Rebuilding Confidence, Scaling Strategically
NIRSAL’s renewed direction aligns seamlessly with President Bola Tinubu’s market-driven economic vision. As the Central Bank phases out direct intervention programmes, NIRSAL has emerged as a key ecosystem enabler linking banks, agribusinesses, and government in long-term, commercially viable partnerships.
Its blended-finance model bridges public policy objectives with private sector profitability. At the core of this resurgence is NIRSAL’s integrated value chain approach—identifying opportunities, structuring deals, offering technical support, and sharing risk with partner banks.
By applying data-driven risk management and building the capacity of lenders and borrowers, NIRSAL is showing that agriculture can be truly bankable.
In 2025 alone, more than 1,100 bank staff have been trained under its agricultural lending framework, while 450 value-chain actors received training in feedlot management, commodity export, and climate finance—laying the groundwork for sector-wide transformation.
Digital and Green Frontiers
Looking ahead, NIRSAL’s agenda is becoming more digital and climate-smart. The upcoming NIRSAL Landbank Portal will connect researchers, financiers, and agribusinesses through a data-driven platform for opportunity mapping and investment planning.
In addition, a new partnership with the Rural Electrification Agency (REA) aims to deliver off-grid power to agro-production and processing clusters—boosting productivity and climate resilience in rural economies.
As global financing shifts toward sustainability, NIRSAL’s pursuit of climate finance positions Nigeria to attract new streams of concessional capital for agricultural development. Combined with a steady flow of commercial financing, this could fast-track Nigeria’s food security goals and its ambition of becoming a $1 trillion economy.
Journey Ahead
For NIRSAL, 2025 marks a defining year—not just of recovery, but of renewed purpose.

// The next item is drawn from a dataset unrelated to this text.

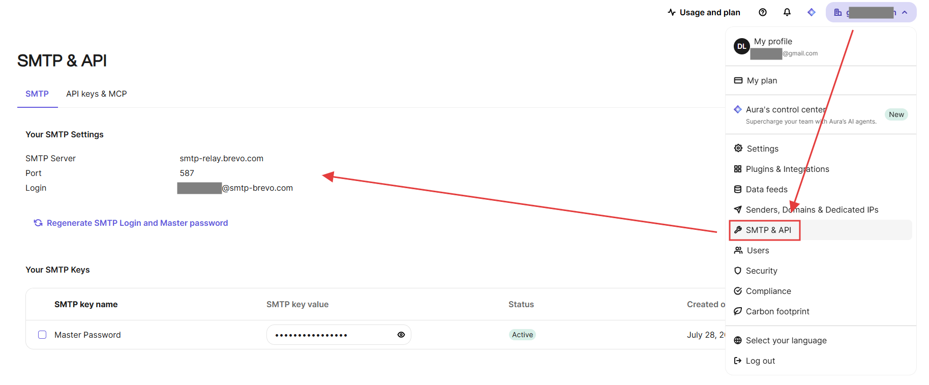 第 4 步:重新打开 Brevo 右上角的菜单,找到 SMTP & API 打开,它就显示出了后续可以添加到 Gmail 的 SMTP 服务器信息,包括端口号,用户名和密码。密码需要在下面点击生成一个新的密码,同样需要保存到一个地方以后可以找到,它显示一次后面就不再显示了。
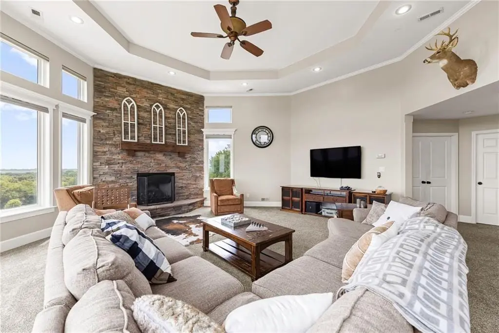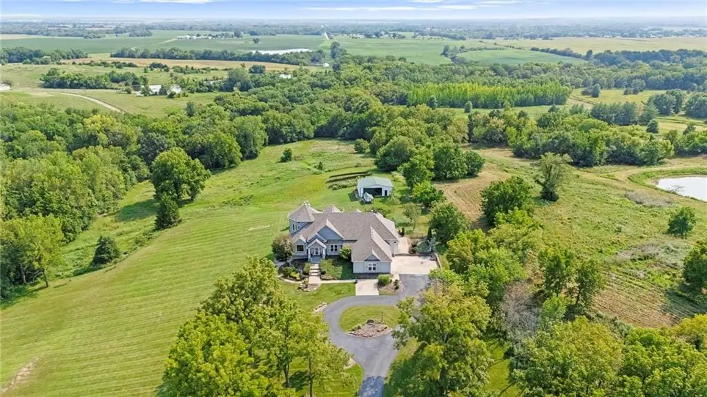 STUNNING PRIVATE ESTATE FOR SALE! Live in luxury and enjoy VERY LOW UTILITY BILLS DUE TO NEARLY NEW SOLAR ARRAY SYSTEM WITH WARRANTY! Explore all the spectacular features of this architecturally custom-designed home that is suited for the setting. See for many miles from the upper level living room, or from the lower level suite designed as an living area for multi-generation occupants. There are 3 Primary Suites within this property! Commute to downtown KC in 45 minutes, Lake Ozark in 2.5 hours, Pleasant Hill or Harrisonville in 15 minutes, and Lee's Summit in 20 minutes. The barn, chicken coop, garden boxes and winding trails through the woods and creek offer many hours of enjoyment for kids and grandkids. Come explore the hidden treasures on this property. Come back to live in a quiet natural-habitat!

Its strongest performance on record reflects a shift from fragmented interventions to focused, scalable partnerships with measurable impact.
In Kano and Adamawa States, NIRSAL is already coordinating dry-season production of sunflower and rice by linking seed, fertilizer, and mechanization providers with ready offtakes—placing smallholder farmers at the centre of shared prosperity.
To sustain this momentum, NIRSAL must deepen transparency, strengthen partnerships, and maintain lender confidence—critical elements for expanding agricultural finance in Nigeria.
If the nation truly seeks to feed its people, boost exports, and build shared prosperity on its journey to a $1 trillion economy, then NIRSAL’s renewed model—anchored on data, discipline, scale, and de-risking—is not just relevant. It is indispensable.